Vaccination – Vaccinations help develop immunity against infectious diseases and prevent the spread of these in the community. It is always better to get protected as early as you can. Some examples of recommended vaccines include influenza, Hepatitis, measles mumps rubella (MMR), tetanus diphteria pertussis (Tdap), chickenpox, and Human Papilloma Virus (HPV) vaccines.
Taking care of your health in your 20s
In your 30sIn your 30s
On top of what you should have begun in your 20s, you should also:
Take care of your heart health – In your 30s, you might be putting all your time and energy into your career. Excessive stress at work, an unhealthy diet and not having enough time for exercise and sleep are common within the community. Your cardiovascular health might suffer as a consequence.
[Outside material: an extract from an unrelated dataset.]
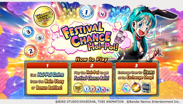 ¡Consigue monedas Hoi-Poi Festival Chance #1 superando ciertas etapas de batalla o con recompensas de misiones! En este Hoi-Poi, aparecerán Festival Chance Balls de diferentes rangos que van del 5 al 1, más un rango especial por encima de eso. ¡El premio especial se puede canjear por artículos increíbles, como Chrono Crystals, nuevas fundas de tarjetas de arte y Multi-Z Power 100 (LEGENDS LIMITED/SPARKING)! ¡Juega este Hoi-Poi una y otra vez y obtén el premio especial para ti!
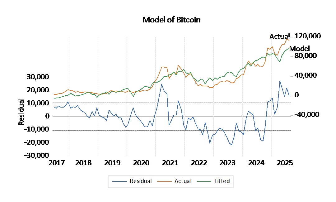Our model of Bitcoin based on this theory is shown in Figure 1 . We are surprised that this simple model explains 88% of monthly variation in Bitcoin since the beginning of 2019.

It is important to continue having a well-balanced lifestyle.
Take care of your mental health – Mental health disorders such as depression, anxiety and panic attacks can affect any age group. However, they can also be triggered by external factors such as major life events, a stressful lifestyle and burn-out at work. Engaging in activities that you enjoy, such as yoga, reading and meditating, can help you relax and feel positive. If you feel it is difficult to cope at any time, you should talk to your doctor or counsellor.
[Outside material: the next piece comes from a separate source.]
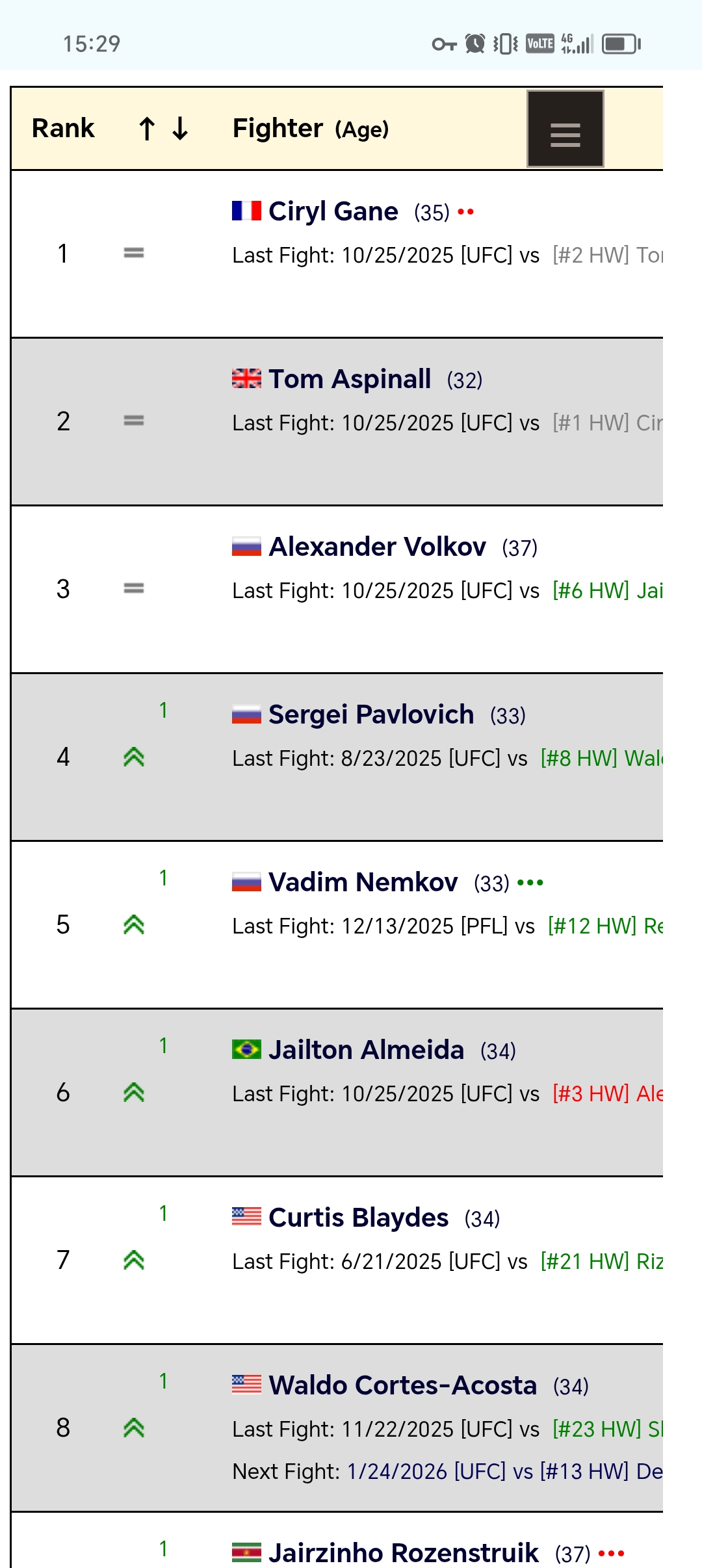 миочич и кормье крутые, но фёдор их уровня не касался - те в юфс фармили, а император pride чистил весь дивизион за 10 лет. Величайший? лайт хэви был, в тяжах только начал.

Consider family planning – Married couples who are considering to having a family should consider receiving a simple health screening to identify any risk factors or hereditary diseases that can increase maternal and fetal complications during pregnancy.
Taking care of your health in your 30s
In your 40sIn your 40s
With stable career advancement and family planning, it’s time to:
Make your health a priority in your life – At this age, consider going for health screening packages that are more comprehensive with a greater number of investigations. It is important to screen for diabetes mellitus and high cholesterol if you have not done so earlier. Women aged between 40 and 49 should seek a doctor’s advice on the benefits and limitations of mammography. If a screening is performed, the HPB advises it to be done annually.
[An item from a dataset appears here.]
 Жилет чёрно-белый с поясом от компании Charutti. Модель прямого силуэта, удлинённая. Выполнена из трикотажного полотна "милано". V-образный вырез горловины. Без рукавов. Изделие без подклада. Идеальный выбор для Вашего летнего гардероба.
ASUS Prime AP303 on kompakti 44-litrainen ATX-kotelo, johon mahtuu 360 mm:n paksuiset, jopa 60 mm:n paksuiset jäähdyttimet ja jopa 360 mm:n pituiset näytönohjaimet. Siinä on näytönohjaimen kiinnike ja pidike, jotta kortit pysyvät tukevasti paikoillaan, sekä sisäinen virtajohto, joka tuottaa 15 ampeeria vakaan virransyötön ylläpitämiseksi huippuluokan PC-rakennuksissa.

Be responsible for your health – If you have been started on any medications as advised by your doctor, continue to be on them until told otherwise.
Taking care of your health in your 40s
In your 50s and aboveIn your 50s and above
Continue your healthy lifestyle but choose physical exercises wisely – At this age your risk of falls and fractures increase due to physiological changes, including postural instability. You may wish to consider a safer physical activity that will not cause excessive burden on your joints. Activities such as swimming, tai chi and indoor cycle are suitable.
Be more aware of new signs and symptoms in your body – If you are an active person who is used to performing strenuous physical activities, you can continue these activities but should be more alert for any newly onset signs and symptoms such as shortness of breath, chest pain and giddiness. These may need further evaluation by a sports medicine doctor to rule out any underlying cardiovascular diseases.
Screening for high risk diseases – At this age, the HPB recommend regular screening for colorectal cancer and breast cancer even if you don’t have any symptoms. For anyone with symptoms and/or family history, these screenings should begin at an earlier age following consultation with your doctor.
Vaccination – On top of your scheduled vaccinations, you should consider pneumococcal vaccination once you reach 65 years of age and above. This vaccine is important for prevention of pneumonia (lung infection) and pneumococcal disease caused by streptococcus pneumoniae Prevention is better than a cure, especially considering the increased risk of morbidity and mortality in older age groups who contract infectious diseases.